We’ve all been there. Sunday morning. An alleged 4am text from an alleged friend with an alleged invite to some sort of alleged gathering. The agonising over whether or not to adhere to a state-enforced lockdown restricting all non-essential movement during a global pandemic. The attempt to remember where you put your other furry black slipper. Sophie’s bloody choice.
Except Meryl Streep was given an impossible question with no right answer. Jack Grealish had his decision made for him yet still picked the wrong path.
He was, of course, “deeply embarrassed”. By his actions, presumably, rather than by them being made public. He also expressed his “hope that everyone can accept my apology” in a 58-second video during which the word ‘sorry’ was never used.
That still sits neatly on Grealish’s Twitter timeline above a clip featuring advice on how to “help save lives” by staying at home and only leaving to buy food or medicine or to exercise.
It remains to be seen which category his weekend escapade falls under, although it hardly seemed like Joe Wicks levels of morning aerobics.
And the minor details and circumstances are not yet known.

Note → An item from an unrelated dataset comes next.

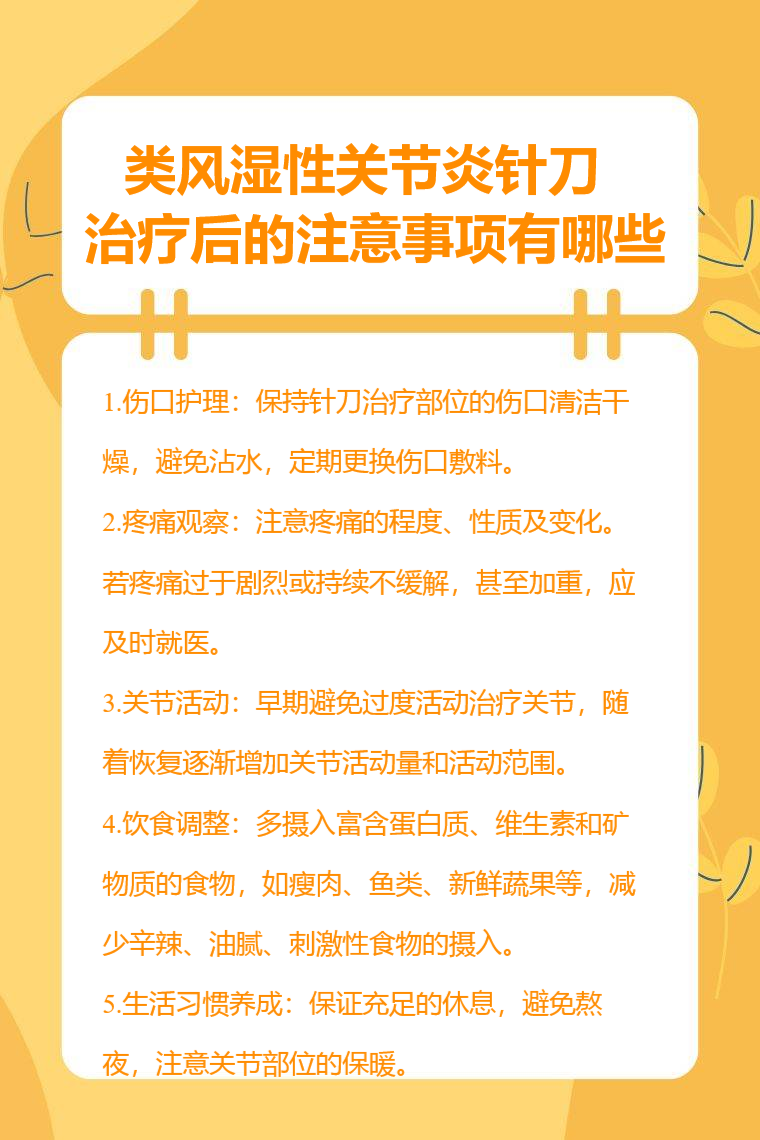 类风湿性关节炎针刀治疗后的注意事项包括伤口护理、疼痛观察、关节活动、饮食调整、生活习惯养成等。
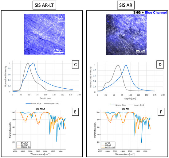 Merge of z-stacks of phase contrast and autofluorescence (blue channel) images (A,B) of both hybrid membranes. Graphs of normalized intensities of SHG and blue channel for SIS AR-LT (C) and SIS AR (D). FTIR spectra of decellularized SIS, CF ARLT, and SIS AR-LT (E) and decellularized SIS, CF AR and SIS AR (F) are reported (n = 3 for each group), showing transmittance (%) over the wavenumbers (cm−1).

There was a white Range Rover, a picture of someone who looked an awful lot like Grealish, and some awfully questionable quotes from neighbours.

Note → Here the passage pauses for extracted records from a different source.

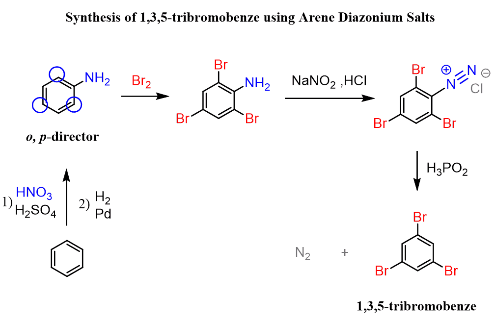 Aryl diazonium salts can be used as an alternative to the standard electrophilic aromatic substitution reactions for preparing aromatic compounds as well as for synthesizing compounds that cannot be prepared directly from benzene.
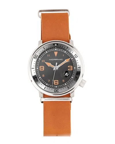M74 Series Leather-band Watch W/magnified Date Display In Camel/grey/brown
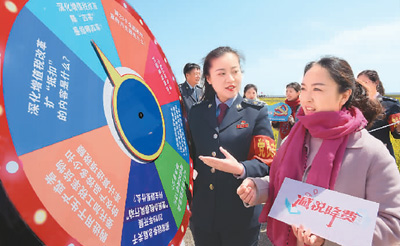 ?3月30日,江蘇省灌云縣黨員志愿者組織的“減稅降費(fèi)在行動(dòng)”微型黨課走進(jìn)潮河灣風(fēng)景區(qū),向萬(wàn)畝油菜花田里的游人傳遞減稅降費(fèi)好聲音。孫軍/攝(人民視覺(jué))
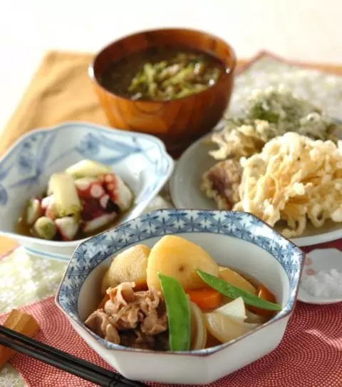 今日の献立は「豚肉で肉ジャガ」を含めた全4品。
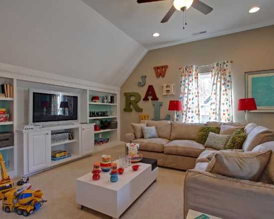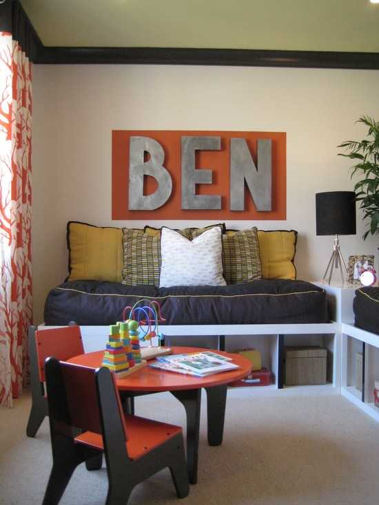 Очень часто западные интерьеры встречают надписями имен. Еще Карнеги подметил, что приятнейшим сочетанием звуков для человеческого уха является его имя. Это активно используют американские учителя. Поощряя ребенка, его непременно называют по имени. Этот ход формирует положительное восприятие своего имени. Родители же в свою очередь дополняют педагогические приемы размещением в детской букв на стене, составляя из них именную композицию.
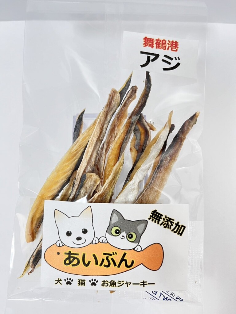 上の写真は、その商品の一例。舞鶴産のアジで作った、お魚ジャーキーです。
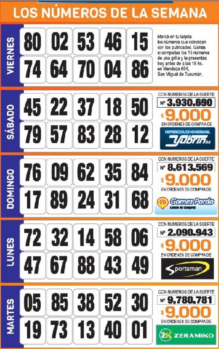 Como cada miércoles, se publicó la grilla completa de los Números de Oro de LA GACETA para que los lectores puedan revisar sus tarjetas. Aquellos que completen los 15 números de una de las grillas de su cartón deberán presentarse en calle Mendoza 654 hasta las 18. En caso de que el ganador sea usuario Tarjeta Sol, duplica el premio.
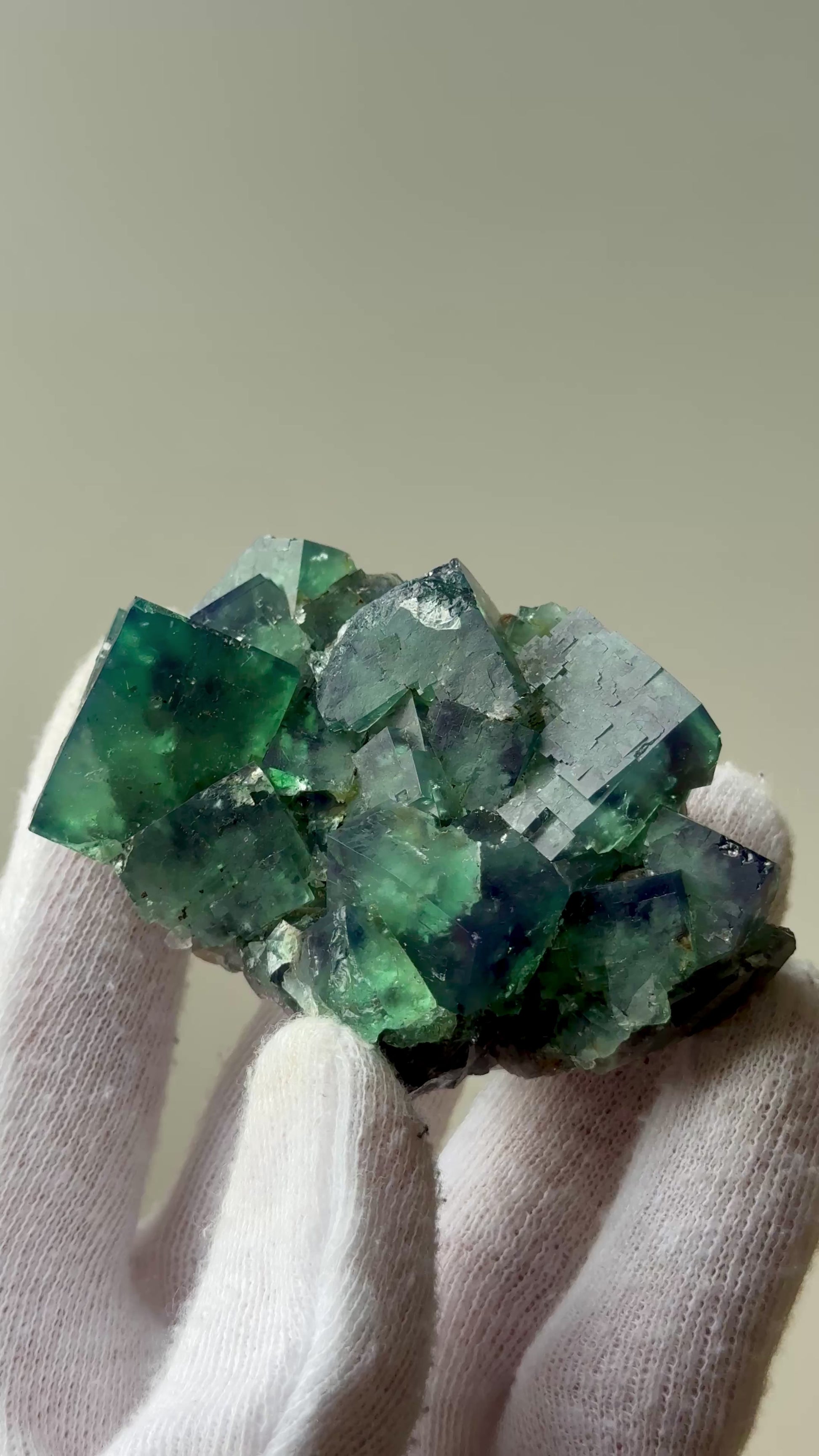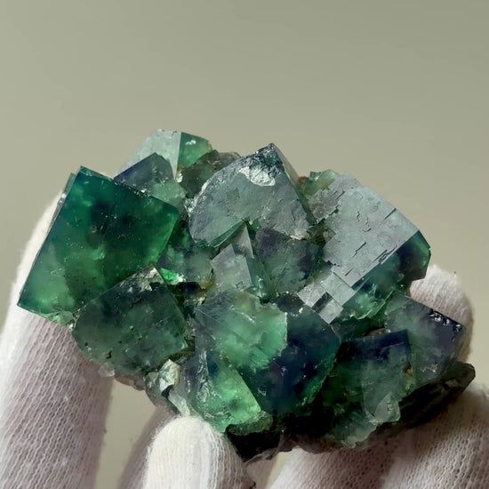 Fluorite "Truffle Pig Pocket" from Diana Maria Mine, England. It presents as Green under no UV and exhibits a strong daylight fluorescence turning a deep dark-blue in natural daylight.

But it is important for public figures to frame this situation appropriately. To try and avoid glib football phrases about new leaves having been turned over; to consider how it might affect a player’s club and international prospects but also to look far beyond that; to think of the wider societal implications.
It is possible, particularly in such extreme circumstances, to admonish and criticise without feeling the need to sugarcoat. Grealish needs advice, guidance, direction, not more people pledging membership to his “biggest fan” club. Or the most damning indictment: that Stan Collymore would “more than likely” have done the same at 24.
Telling him he is a “good lad” is immaterial nonsense equivalent to watching someone plant their studs into an opponent’s flesh and referring to them as ‘not that sort of player’. It is obfuscation, the unnecessary muddying of clear waters. It’s unhelpful, perhaps most of all, to Grealish himself.
The only relevance his role as a footballer carries in this instance is as a popular captain who sets an example and should know better. Grealish hopefully realises that his true mistake was in his foolish, dangerous hypocrisy sending the wrong message, and not in letting Harry Redknapp, Danny Murphy or even Aston Villa down.